[DESCRIPTION OF THE TASK] Return each entry below exactly. Skip the images.

[RECORDS SHOWN]
=== Section Start ===

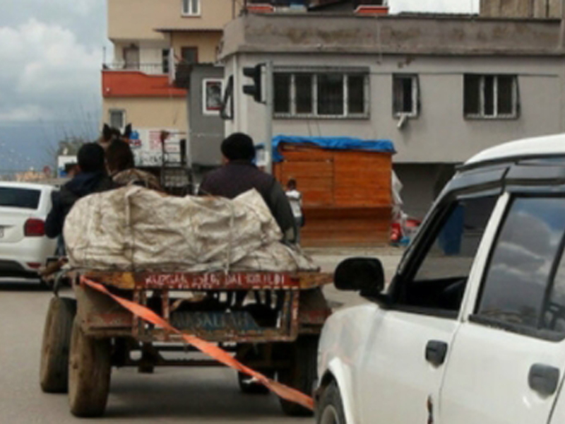 Adana'nın Merkez Yüreğir ilçesi Karataş Bulvarı'nda önceki gün yasak olmasına rağmen at arabasıyla hurdacılık yapan kimliği belirsiz 3 kişinin arızalı otomobili bağladıkları halatla çektiği görüldü.
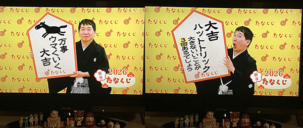ひとつめ。年またぎにいつも観ているEテレの番組で「たなくじ」というコーナーがあります。爆笑問題の田中さんがおみくじを持っていて、高速でランダムに表示されていきます。それをスマホで撮影して、写っていたものが今年の運勢結果になるというしくみ。
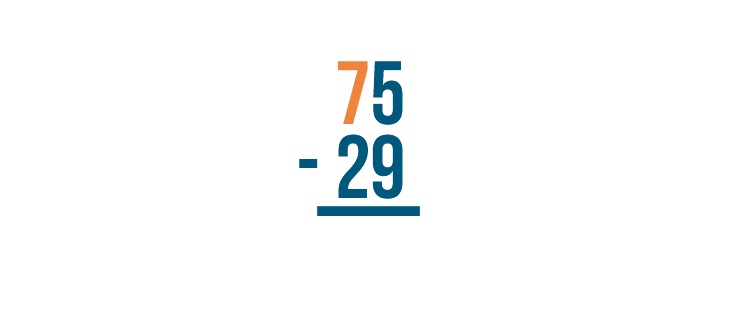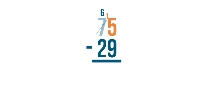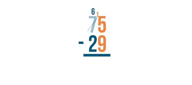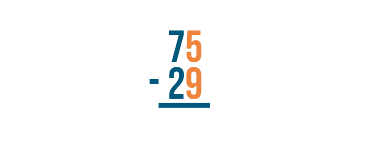 As with all stacked subtraction problems, begin with the digits farthest to the right. Here, they are 5 and 9.
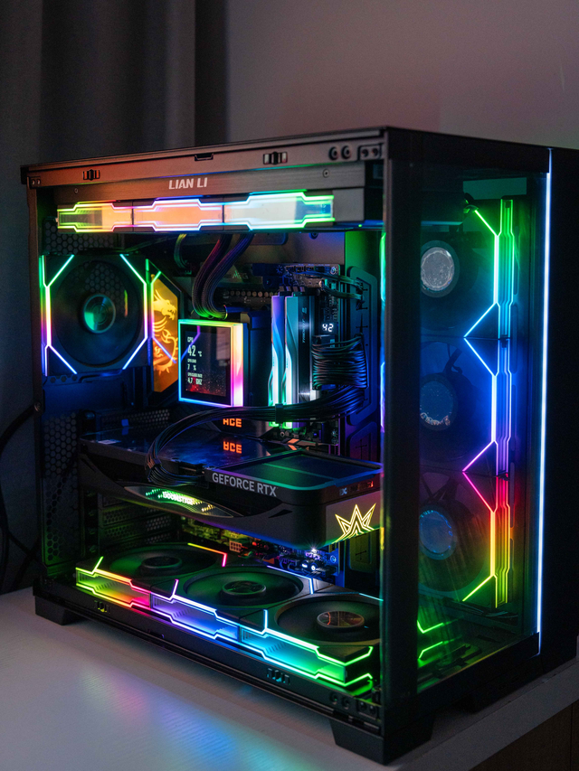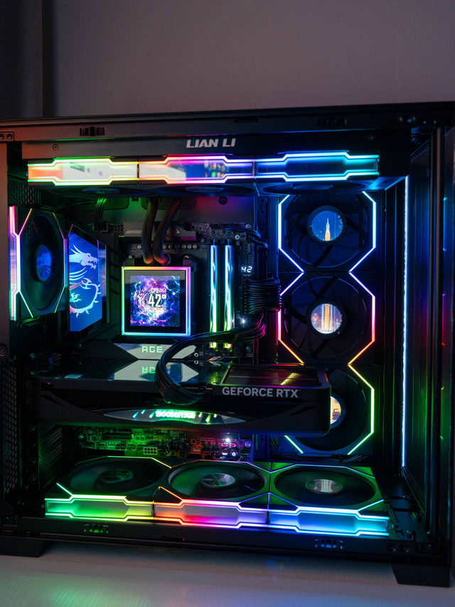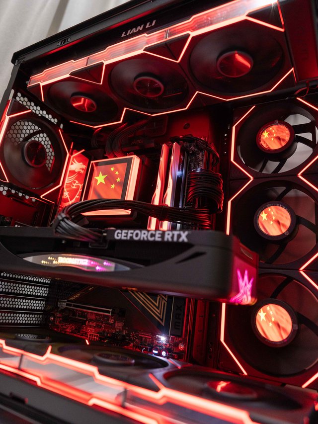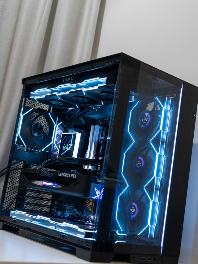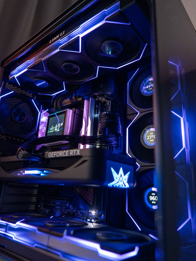 而在美学维度,联力隐流2代水冷的隐藏式走线、包豪斯O11D EVO机箱的无遮挡全景视野、以及积木风扇四代的无限镜灯效与无线互联,三者协同将光污染直接拉满,构造出一场有深度的光影交响诗。
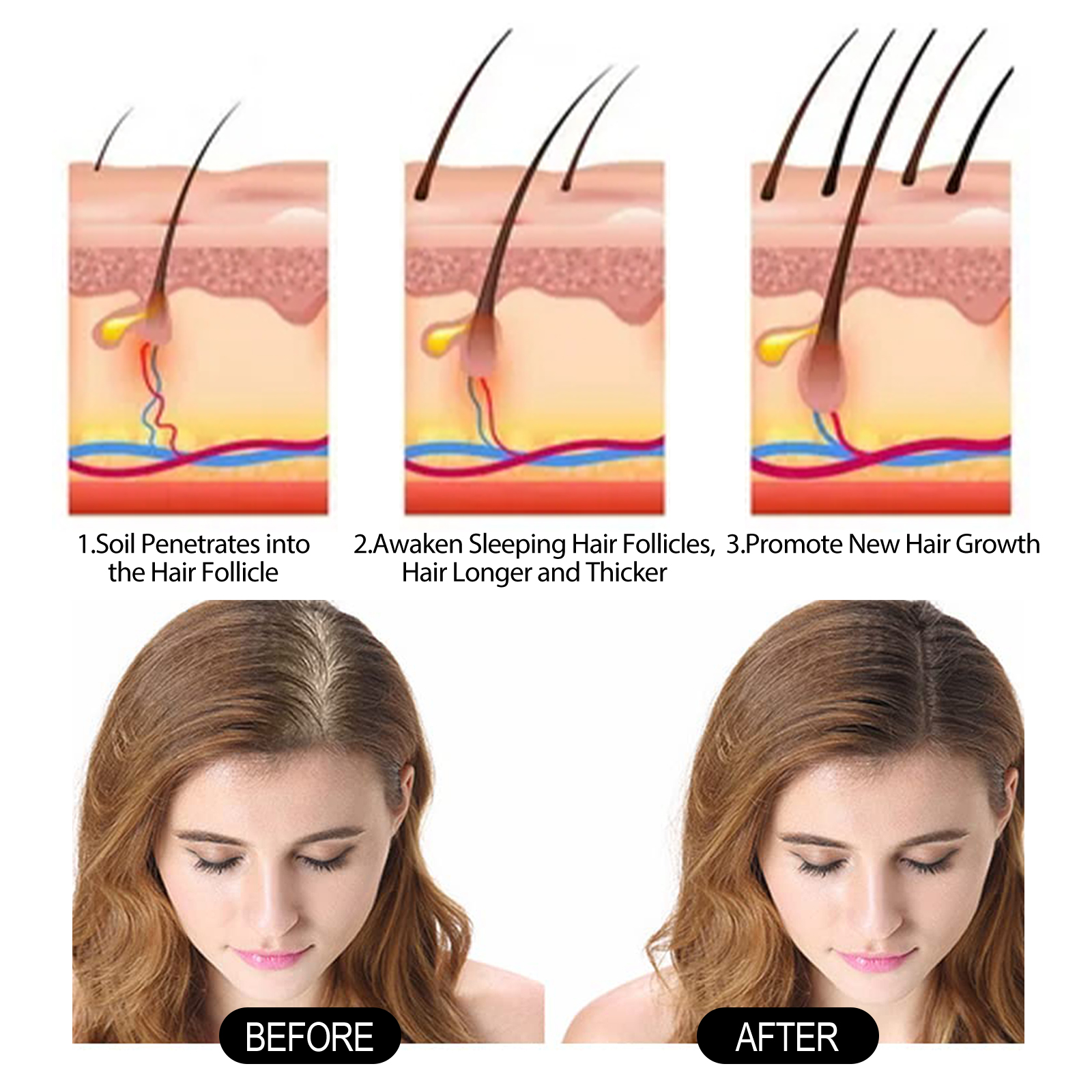 Our hair oil contains castor oil, hydrogenated olive oil, lavender oil. It can unclog irritation of the scalp, unclog hair follicles, prevent hair breakage, and make hair longer and denser. Its use method is very simple: 1. Wash and dry hair; 2. Divide the hair into sections and apply evenly directly to the scalp or hair; 3. Gently massage with fingers until absorbed. The active ingredients further nourish the hair roots, increasing the number of small dark spots, more new hair, and thicker hair.
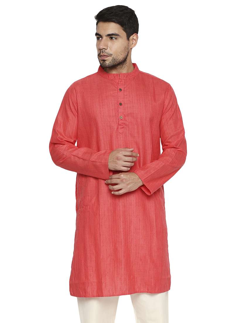 coral solid linen long kurtas kurta

=== Section End ===

[YOUR RESPONSE]
 Adana'nın Merkez Yüreğir ilçesi Karataş Bulvarı'nda önceki gün yasak olmasına rağmen at arabasıyla hurdacılık yapan kimliği belirsiz 3 kişinin arızalı otomobili bağladıkları halatla çektiği görüldü.
ひとつめ。年またぎにいつも観ているEテレの番組で「たなくじ」というコーナーがあります。爆笑問題の田中さんがおみくじを持っていて、高速でランダムに表示されていきます。それをスマホで撮影して、写っていたものが今年の運勢結果になるというしくみ。
 As with all stacked subtraction problems, begin with the digits farthest to the right. Here, they are 5 and 9.
 而在美学维度,联力隐流2代水冷的隐藏式走线、包豪斯O11D EVO机箱的无遮挡全景视野、以及积木风扇四代的无限镜灯效与无线互联,三者协同将光污染直接拉满,构造出一场有深度的光影交响诗。
 Our hair oil contains castor oil, hydrogenated olive oil, lavender oil. It can unclog irritation of the scalp, unclog hair follicles, prevent hair breakage, and make hair longer and denser. Its use method is very simple: 1. Wash and dry hair; 2. Divide the hair into sections and apply evenly directly to the scalp or hair; 3. Gently massage with fingers until absorbed. The active ingredients further nourish the hair roots, increasing the number of small dark spots, more new hair, and thicker hair.
 coral solid linen long kurtas kurta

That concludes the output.